— Task instructions —
Copying rule for the data below: pictures stay out, and only the lines from the one with "微焦皮酥的金黃色澤外層..切下雞皮時發出卡滋誘人聲響" down to the one with "Figure 5 presents", inclusive, are repeated exactly.

(Records for the exercise)

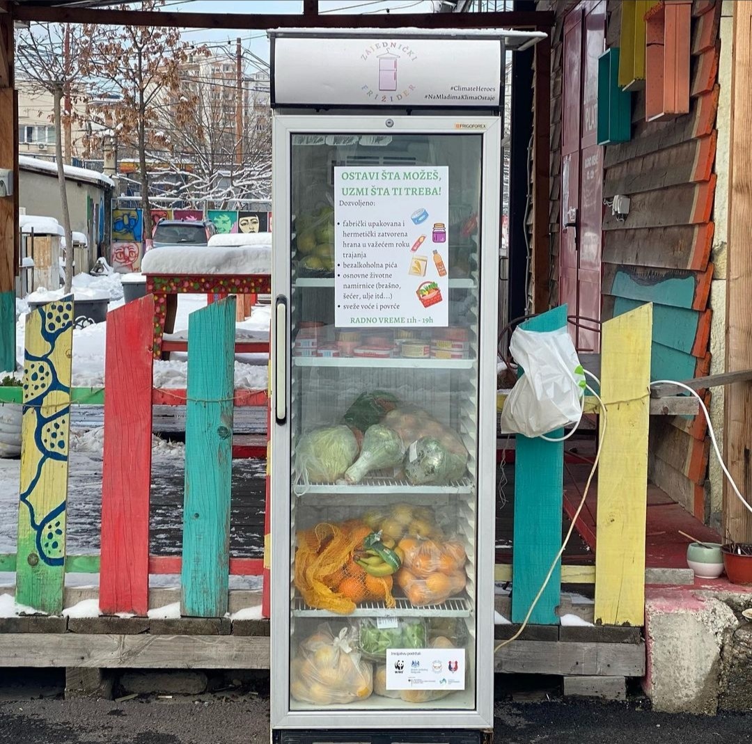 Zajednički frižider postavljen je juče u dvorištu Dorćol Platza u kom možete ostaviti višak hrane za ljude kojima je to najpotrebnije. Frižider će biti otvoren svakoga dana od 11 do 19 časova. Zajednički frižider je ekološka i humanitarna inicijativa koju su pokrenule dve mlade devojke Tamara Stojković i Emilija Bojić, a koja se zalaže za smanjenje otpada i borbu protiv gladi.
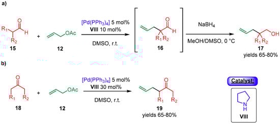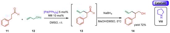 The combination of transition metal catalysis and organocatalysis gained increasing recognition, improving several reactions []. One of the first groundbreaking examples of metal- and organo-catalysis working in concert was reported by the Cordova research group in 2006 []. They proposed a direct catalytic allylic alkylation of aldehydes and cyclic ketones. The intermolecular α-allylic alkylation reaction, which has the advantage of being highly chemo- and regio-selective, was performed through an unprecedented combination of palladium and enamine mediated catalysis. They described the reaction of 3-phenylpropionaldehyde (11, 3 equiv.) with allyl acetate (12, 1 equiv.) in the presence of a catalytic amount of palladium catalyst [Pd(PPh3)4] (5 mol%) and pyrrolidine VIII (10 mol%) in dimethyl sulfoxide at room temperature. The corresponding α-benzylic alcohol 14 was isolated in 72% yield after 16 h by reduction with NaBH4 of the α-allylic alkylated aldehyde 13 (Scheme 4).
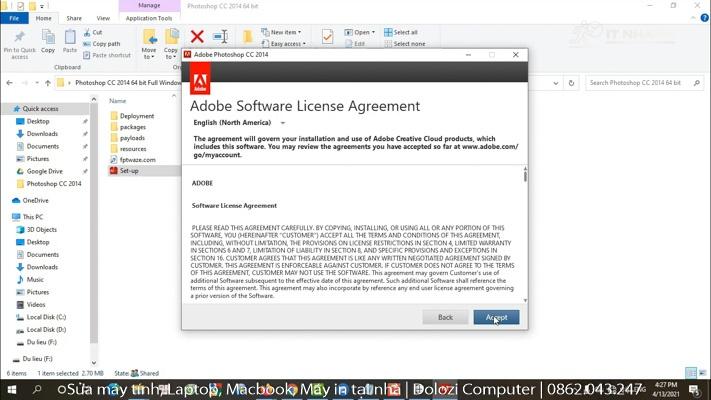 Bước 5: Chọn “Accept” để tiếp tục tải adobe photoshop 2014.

(End Records for the exercise)
(Records for the exercise)

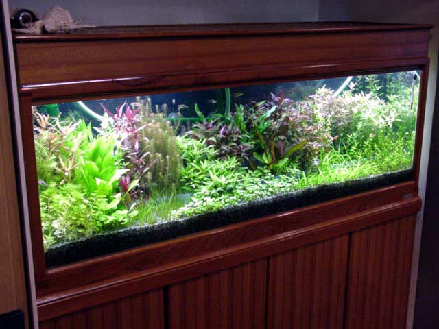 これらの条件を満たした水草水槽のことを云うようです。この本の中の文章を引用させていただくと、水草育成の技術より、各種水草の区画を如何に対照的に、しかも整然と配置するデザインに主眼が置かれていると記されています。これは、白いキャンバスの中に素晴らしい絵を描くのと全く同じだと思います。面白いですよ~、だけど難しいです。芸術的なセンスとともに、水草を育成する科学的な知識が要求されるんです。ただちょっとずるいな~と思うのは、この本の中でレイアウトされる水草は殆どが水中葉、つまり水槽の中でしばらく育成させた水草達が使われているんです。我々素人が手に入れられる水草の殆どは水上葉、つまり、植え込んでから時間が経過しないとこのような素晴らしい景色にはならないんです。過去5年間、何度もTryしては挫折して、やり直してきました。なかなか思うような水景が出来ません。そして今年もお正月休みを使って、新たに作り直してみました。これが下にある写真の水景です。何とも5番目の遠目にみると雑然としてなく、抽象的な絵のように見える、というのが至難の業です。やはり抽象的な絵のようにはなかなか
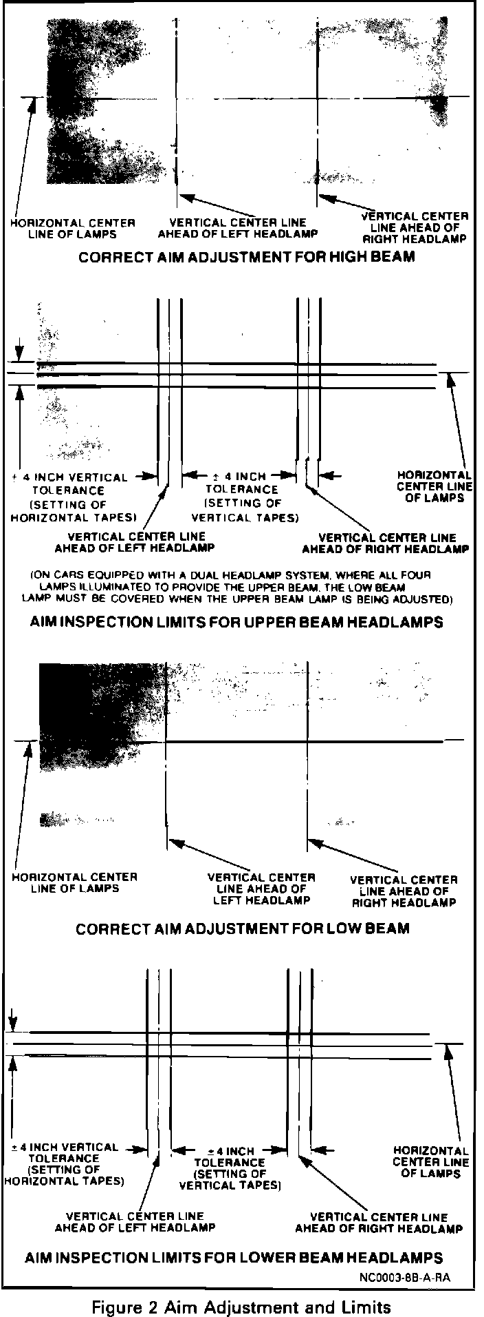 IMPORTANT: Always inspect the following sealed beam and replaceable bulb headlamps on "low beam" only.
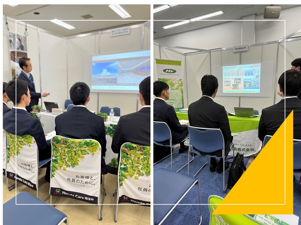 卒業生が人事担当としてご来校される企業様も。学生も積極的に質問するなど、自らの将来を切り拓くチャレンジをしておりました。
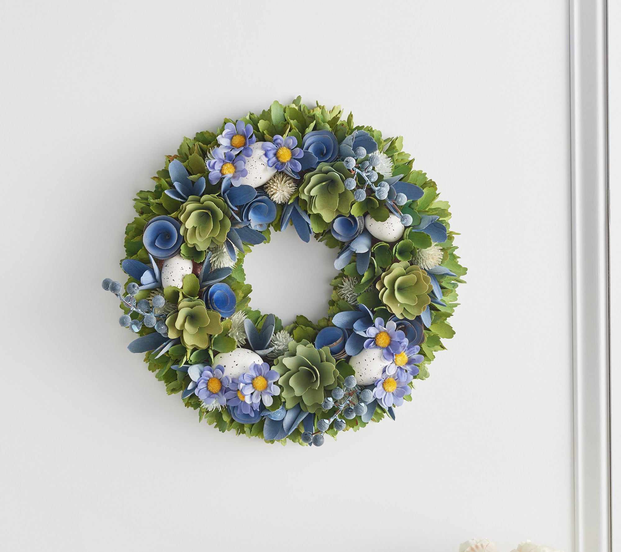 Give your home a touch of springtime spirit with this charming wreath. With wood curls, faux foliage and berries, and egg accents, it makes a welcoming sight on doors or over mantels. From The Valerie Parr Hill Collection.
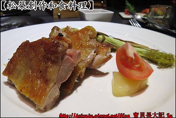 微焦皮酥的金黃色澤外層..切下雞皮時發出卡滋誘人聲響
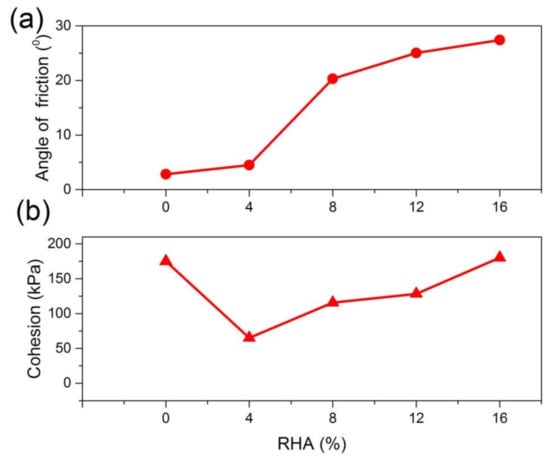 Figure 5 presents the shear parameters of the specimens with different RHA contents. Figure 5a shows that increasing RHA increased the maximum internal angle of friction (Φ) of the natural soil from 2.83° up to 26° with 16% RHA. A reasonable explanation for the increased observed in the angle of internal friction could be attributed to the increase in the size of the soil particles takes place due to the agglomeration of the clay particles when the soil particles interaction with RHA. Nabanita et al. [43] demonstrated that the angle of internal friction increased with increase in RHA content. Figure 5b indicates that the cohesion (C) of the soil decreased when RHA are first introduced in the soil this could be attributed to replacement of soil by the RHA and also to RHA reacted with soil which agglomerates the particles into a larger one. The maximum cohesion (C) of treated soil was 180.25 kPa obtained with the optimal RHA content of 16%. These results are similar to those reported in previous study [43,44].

(End Records for the exercise)

— Answer to this task —
 微焦皮酥的金黃色澤外層..切下雞皮時發出卡滋誘人聲響
 Figure 5 presents the shear parameters of the specimens with different RHA contents. Figure 5a shows that increasing RHA increased the maximum internal angle of friction (Φ) of the natural soil from 2.83° up to 26° with 16% RHA. A reasonable explanation for the increased observed in the angle of internal friction could be attributed to the increase in the size of the soil particles takes place due to the agglomeration of the clay particles when the soil particles interaction with RHA. Nabanita et al. [43] demonstrated that the angle of internal friction increased with increase in RHA content. Figure 5b indicates that the cohesion (C) of the soil decreased when RHA are first introduced in the soil this could be attributed to replacement of soil by the RHA and also to RHA reacted with soil which agglomerates the particles into a larger one. The maximum cohesion (C) of treated soil was 180.25 kPa obtained with the optimal RHA content of 16%. These results are similar to those reported in previous study [43,44].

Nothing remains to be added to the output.